Stored entries:
——
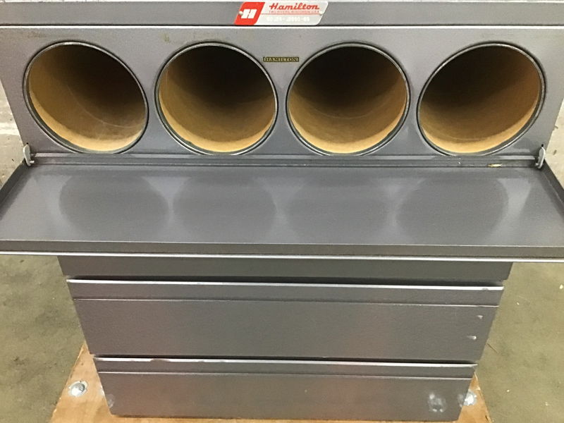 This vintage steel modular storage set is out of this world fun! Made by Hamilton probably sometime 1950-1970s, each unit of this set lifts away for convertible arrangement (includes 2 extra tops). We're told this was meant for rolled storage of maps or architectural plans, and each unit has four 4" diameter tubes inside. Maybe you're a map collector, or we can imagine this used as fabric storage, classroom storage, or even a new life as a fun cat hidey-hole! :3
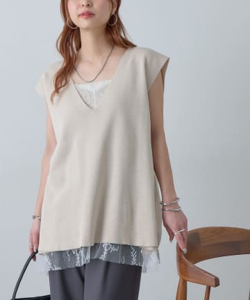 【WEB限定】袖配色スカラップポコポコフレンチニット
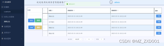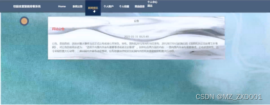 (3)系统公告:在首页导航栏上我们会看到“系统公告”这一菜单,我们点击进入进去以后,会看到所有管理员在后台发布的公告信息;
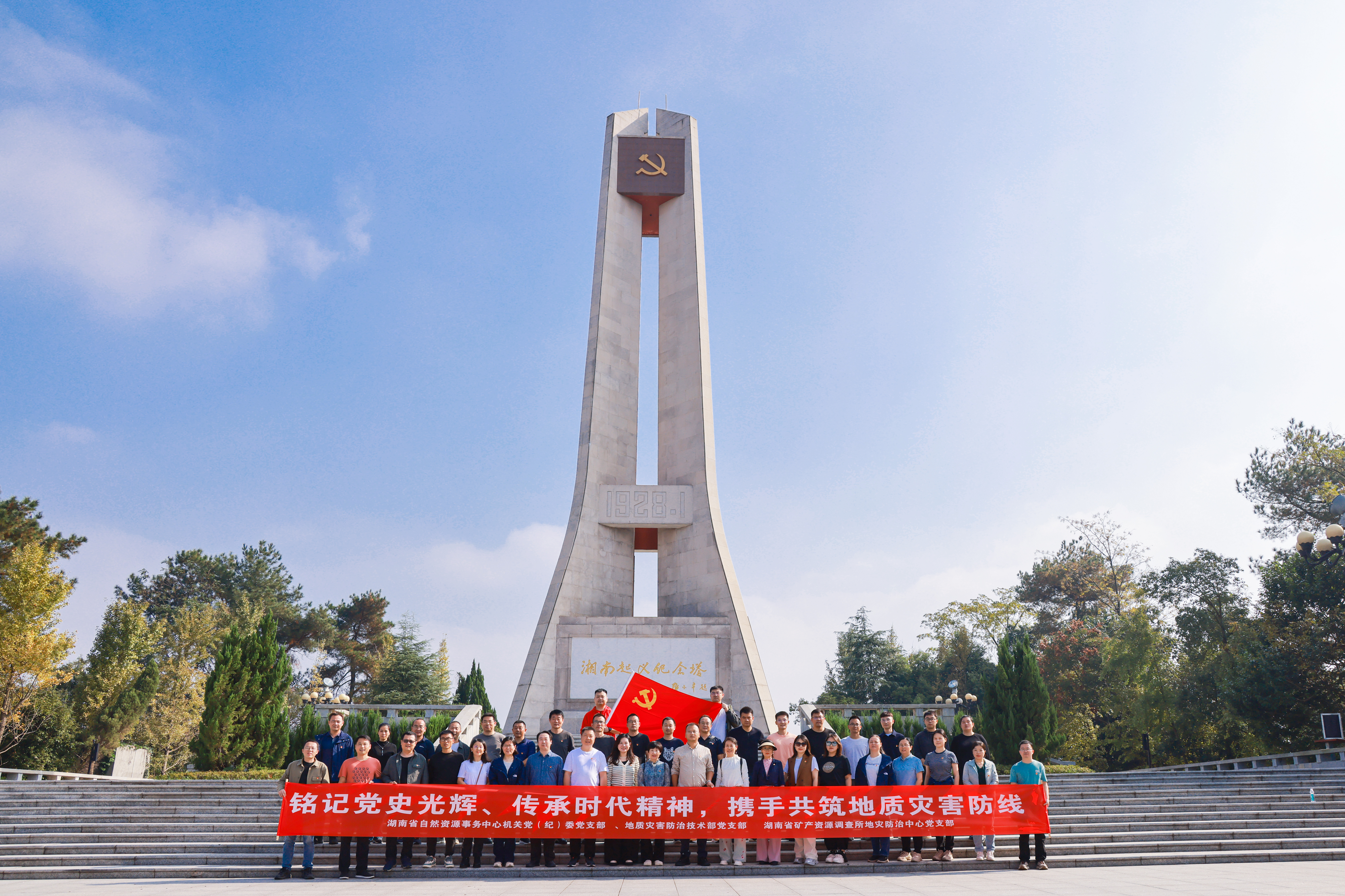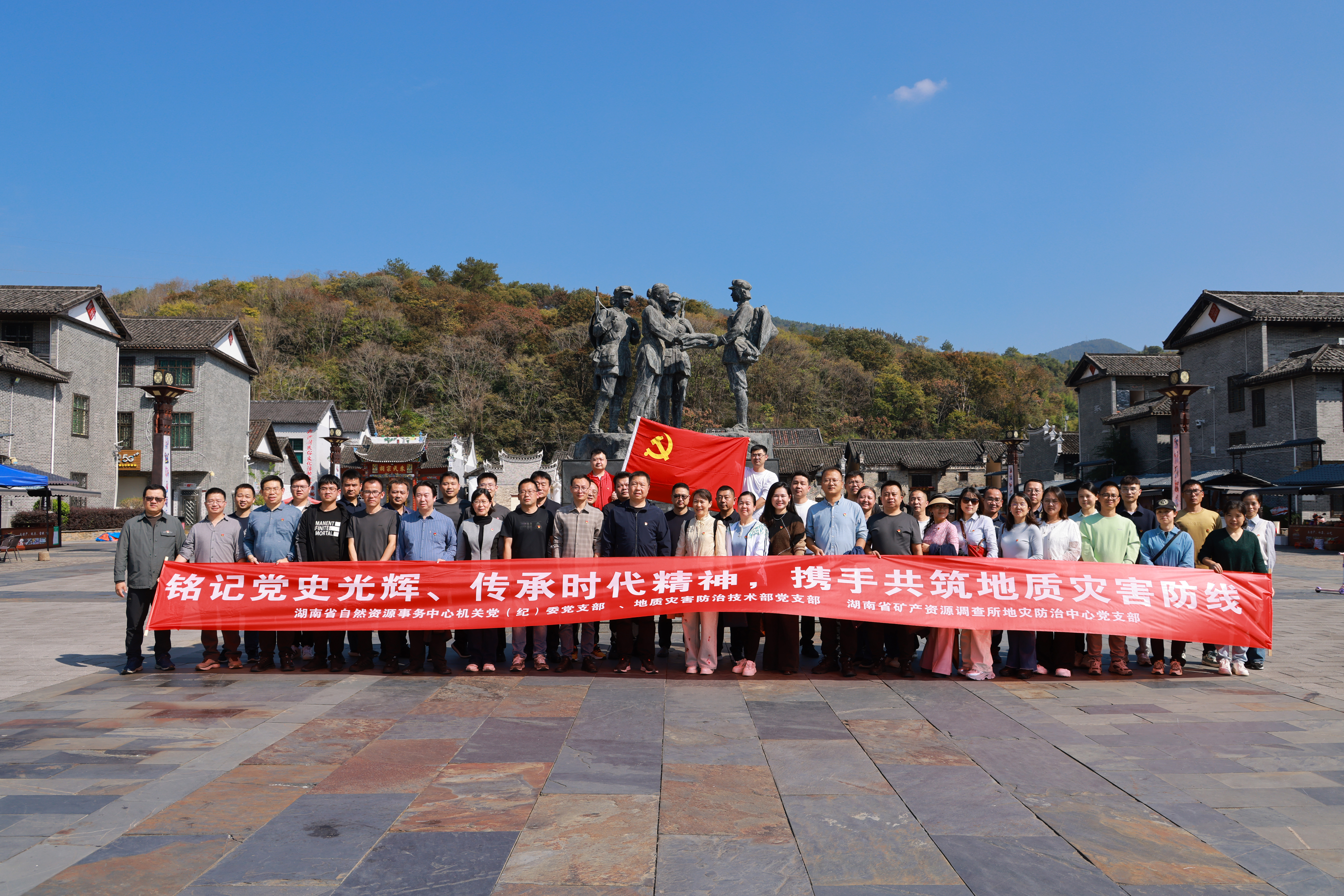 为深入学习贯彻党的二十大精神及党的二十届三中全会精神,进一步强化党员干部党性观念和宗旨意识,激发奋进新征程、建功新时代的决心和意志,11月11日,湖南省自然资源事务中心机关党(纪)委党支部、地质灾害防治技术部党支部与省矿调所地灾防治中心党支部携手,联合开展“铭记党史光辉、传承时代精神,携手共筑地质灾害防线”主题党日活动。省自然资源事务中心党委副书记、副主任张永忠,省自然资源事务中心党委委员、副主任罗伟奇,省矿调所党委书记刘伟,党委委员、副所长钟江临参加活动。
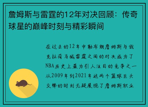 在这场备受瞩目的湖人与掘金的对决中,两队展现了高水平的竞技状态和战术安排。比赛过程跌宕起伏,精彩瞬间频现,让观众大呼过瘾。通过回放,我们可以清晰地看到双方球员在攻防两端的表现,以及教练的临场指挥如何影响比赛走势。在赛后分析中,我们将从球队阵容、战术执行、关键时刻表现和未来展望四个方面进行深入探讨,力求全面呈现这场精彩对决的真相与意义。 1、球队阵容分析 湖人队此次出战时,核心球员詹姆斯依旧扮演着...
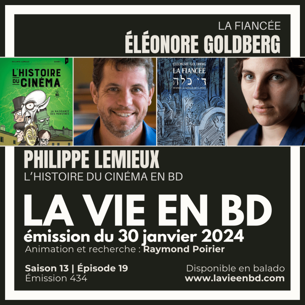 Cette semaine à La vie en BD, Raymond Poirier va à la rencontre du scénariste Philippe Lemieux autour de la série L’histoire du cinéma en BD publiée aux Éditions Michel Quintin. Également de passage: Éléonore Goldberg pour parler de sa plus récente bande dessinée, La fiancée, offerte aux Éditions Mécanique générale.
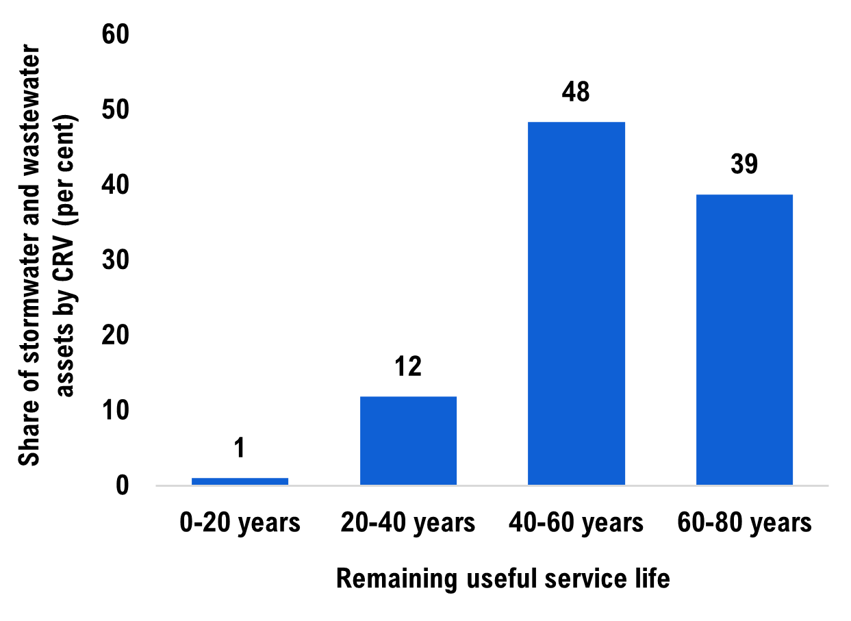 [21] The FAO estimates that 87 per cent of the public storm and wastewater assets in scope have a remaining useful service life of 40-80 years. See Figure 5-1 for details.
——
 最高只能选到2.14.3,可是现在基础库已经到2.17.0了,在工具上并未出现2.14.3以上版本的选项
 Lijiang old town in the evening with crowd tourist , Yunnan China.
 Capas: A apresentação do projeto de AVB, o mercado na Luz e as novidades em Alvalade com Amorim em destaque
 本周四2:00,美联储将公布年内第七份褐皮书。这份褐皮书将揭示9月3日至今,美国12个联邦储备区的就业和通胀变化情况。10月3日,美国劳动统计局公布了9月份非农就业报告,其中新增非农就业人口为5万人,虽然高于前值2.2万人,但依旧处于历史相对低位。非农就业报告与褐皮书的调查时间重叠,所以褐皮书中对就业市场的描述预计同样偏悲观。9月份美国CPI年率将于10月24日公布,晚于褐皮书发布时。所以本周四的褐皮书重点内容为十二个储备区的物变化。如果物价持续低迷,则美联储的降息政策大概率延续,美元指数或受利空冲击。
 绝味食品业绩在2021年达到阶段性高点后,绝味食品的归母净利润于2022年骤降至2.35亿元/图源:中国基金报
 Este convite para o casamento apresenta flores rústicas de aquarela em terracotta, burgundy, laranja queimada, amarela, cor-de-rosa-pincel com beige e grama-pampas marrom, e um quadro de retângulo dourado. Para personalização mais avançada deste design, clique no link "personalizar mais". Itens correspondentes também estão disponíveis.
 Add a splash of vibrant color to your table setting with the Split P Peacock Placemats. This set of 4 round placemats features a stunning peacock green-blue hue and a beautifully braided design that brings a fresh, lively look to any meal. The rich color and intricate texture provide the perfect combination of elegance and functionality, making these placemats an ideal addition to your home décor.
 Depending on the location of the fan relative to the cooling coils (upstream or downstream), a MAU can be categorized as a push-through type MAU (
——
**Exercise goal:**
What lines above run from the one with "This vintage steel" to the one with "为深入学习贯彻党的二十大精神"? Give them again exactly, ends included, and leave the pictures out.

**Solved exercise:**
 This vintage steel modular storage set is out of this world fun! Made by Hamilton probably sometime 1950-1970s, each unit of this set lifts away for convertible arrangement (includes 2 extra tops). We're told this was meant for rolled storage of maps or architectural plans, and each unit has four 4" diameter tubes inside. Maybe you're a map collector, or we can imagine this used as fabric storage, classroom storage, or even a new life as a fun cat hidey-hole! :3
 【WEB限定】袖配色スカラップポコポコフレンチニット
 (3)系统公告:在首页导航栏上我们会看到“系统公告”这一菜单,我们点击进入进去以后,会看到所有管理员在后台发布的公告信息;
 为深入学习贯彻党的二十大精神及党的二十届三中全会精神,进一步强化党员干部党性观念和宗旨意识,激发奋进新征程、建功新时代的决心和意志,11月11日,湖南省自然资源事务中心机关党(纪)委党支部、地质灾害防治技术部党支部与省矿调所地灾防治中心党支部携手,联合开展“铭记党史光辉、传承时代精神,携手共筑地质灾害防线”主题党日活动。省自然资源事务中心党委副书记、副主任张永忠,省自然资源事务中心党委委员、副主任罗伟奇,省矿调所党委书记刘伟,党委委员、副所长钟江临参加活动。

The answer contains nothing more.